Exercise goal
Give back an exact repetition of the material below, from its first line through the line that contains "Quntis Solar Fence", both included, minus the pictures.

Provided data section start

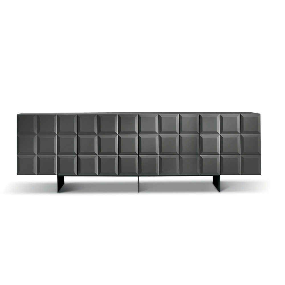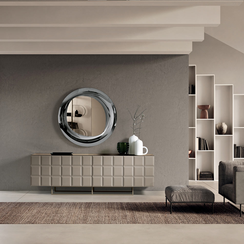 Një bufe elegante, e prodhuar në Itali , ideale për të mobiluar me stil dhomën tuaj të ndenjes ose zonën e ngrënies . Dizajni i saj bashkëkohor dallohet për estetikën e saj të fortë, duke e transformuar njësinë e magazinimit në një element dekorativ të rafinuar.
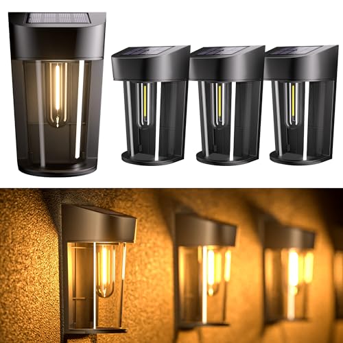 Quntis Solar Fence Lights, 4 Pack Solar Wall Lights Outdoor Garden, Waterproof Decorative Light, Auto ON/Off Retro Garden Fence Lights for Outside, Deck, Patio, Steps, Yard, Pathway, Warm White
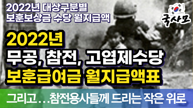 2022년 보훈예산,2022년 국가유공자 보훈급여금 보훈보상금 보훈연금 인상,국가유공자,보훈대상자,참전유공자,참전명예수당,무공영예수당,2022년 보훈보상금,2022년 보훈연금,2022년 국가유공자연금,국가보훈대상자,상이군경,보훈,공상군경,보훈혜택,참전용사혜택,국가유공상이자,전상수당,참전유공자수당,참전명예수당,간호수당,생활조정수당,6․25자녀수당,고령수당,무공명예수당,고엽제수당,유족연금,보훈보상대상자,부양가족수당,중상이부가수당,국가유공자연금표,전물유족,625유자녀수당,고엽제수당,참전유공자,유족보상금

Provided data section end

Output for this task
 Një bufe elegante, e prodhuar në Itali , ideale për të mobiluar me stil dhomën tuaj të ndenjes ose zonën e ngrënies . Dizajni i saj bashkëkohor dallohet për estetikën e saj të fortë, duke e transformuar njësinë e magazinimit në një element dekorativ të rafinuar.
 Quntis Solar Fence Lights, 4 Pack Solar Wall Lights Outdoor Garden, Waterproof Decorative Light, Auto ON/Off Retro Garden Fence Lights for Outside, Deck, Patio, Steps, Yard, Pathway, Warm White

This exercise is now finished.